In the event of a large-scale disaster, where the power grid might be affected, you may be limited in the type of tools you use for your food production.

In this guide we’ll talk about and discuss out prefered 9 human powered tools. You many be familiar with some of them, but knowing what applications they are best for will make your food production efforts more efficient. Let’s get started.

1. Shovel.

A shovel is a no-brainer and everybody knows about it. You can dig holes to plant fruit trees with it, you can dig a garden bed with it, you can shovel manure, and you can kill zombies, if you ever needed to.

2. Spading fork.

Now this isn’t a manure fork or a pitchfork. Usually it has four hard tines on it that you dig into the ground and work the ground. If you’re going to double dig garden beds, or turn over the ground and you’re not using a tiller, a spading fork is what you would use.

 

It’s a way to dig in, and loosen the ground with those tines. You put your foot on it, stick it into the ground and kind of work it in.

3. Hoe.

The regular boring old garden hoe that is rusting in the corner of your dad’s shed is a fantastic weeding tool.

The problem is, most of us don’t really know what to do with it. We go out there, and we start hammering at the ground with it. Most modern hoes are actually very poorly made. They don’t hold a very nice edge and they come dull from the factory.

We often don’t know we’re supposed to sharpen them and adjust that little gooseneck so that it’s at a good angle to decapitate weeds when it hits the ground.

Go on eBay and get yourself a vintage hoe head, and it will make all the difference in the world.

4. Scuffle hoe.

This is also known as the hula hoe or an oscillating hoe. It has a little blade that rocks back and forth in the ground, and so cuts both ways, back and forth, just beneath the ground.

If you have looser soil, this thing is a weeding machine. It cuts both ways through the ground, back and forth and it’s revolutionary.

5. Digging hoe.

It’s also known as a grub hoe and they come in different varieties. They can all be used for digging pumpkin holes, yam beds or root beds.

It’s easier to use the heavier hoe head than taking a shovel and jamming that shovel into the ground, and twisting it.

They are fantastic for digging and popular all over the world, particularly the third world, but not so much inside the United States. They can be found on eBay.

You can dig much easier than a shovel, and it’s an easier motion and the hoe head works for you. It’s not really a weeding hoe, it’s a digging hoe for hacking holes in the ground and tilling new earth.

 

  1. Wheel hoe.

A hundred years ago people were moving away from mules and horses to a type of hoe called the “Planet Junior hoe”.

It’s a hoe with a couple of handles on it, and a bicycle wheel towards the front.

7. Harriet Kimble’s Planet Whizbang wheel hoe.

This is a modern reinvention of the old Planet Junior wheel hoe. It is about five times as fast for weeding. If you have a long row garden, you just walk the paths with it, and cuts through the ground.
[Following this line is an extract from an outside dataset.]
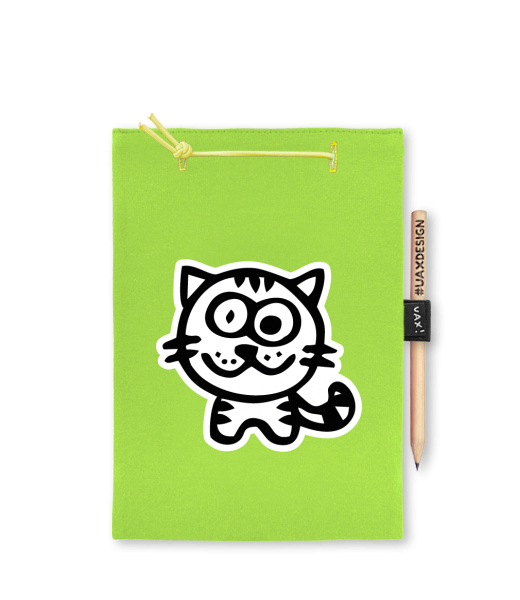 Blok A5 s vyměnitelnými papíry. Na přední straně možnost výběru z více než 300 potisků. Vyrobeno ze 100% bavlny. Výběr z 28 barev. Tiskneme ručním sítotiskem. V horní části blok A5 stažen žlutou gumičkou. 60 listů s perforací pro snadnější odtržení. Žlutá guma ve spodní části pro zajištění obalu. K bloku získáte i tužku #UAXDESIGN

It has an oscillating blade like the hula hoe blade and it rocks back and forth and decapitates all the weeds.

If you’re doing five or ten thousand square feet of gardens, you just have to walk down those rows, and those paths are weeded. It weeds almost as fast as you can walk.

Fantastic tool for any kind of survival gardening situation. Very easy, you can build one of your own. If you look up the plan at whizbang and you’re clever with putting stuff together, you can actually build one.


These are coming back in popularity as people are moving away from complicated tillers and gasoline and more towards human powered gardening.

It’s a fantastic tool for a larger space.

8. Wheelbarrow.

A wheelbarrow allows you to move amendments around. You can load it up with soil, your potting soil, manure or whatever you’re going to spread around the garden.

It allows you to move a lot more than you can by just holding sacks or buckets, or whatever else. Wheelbarrow is a really good tool.

You may need to make garden paths at least two to three foot wide, so you can move through easily with a wheelbarrow.
9. Broadfork.

The broadfork breaks the ground to 14 inches and the Meadow Creature broadfork is the unbreakable one. There are other broadforks in the world, and most of them have wooden handles or the tines are a little weaker.

With a broadfork you can pry out boulders with it, snap tree roots, slam the tool into the ground, rock it back and forth, and you break the ground.

It is the most fantastic tool and the reason most people don’t have it is it costs like 200 bucks but it’s like a piece of tractor equipment. Once you buy it it’s not going to break easily and lasts very long.

These are your nine top human power tools that will get you through a large scale disaster or at least through gardening without filling the air with carbon dioxide and smoke.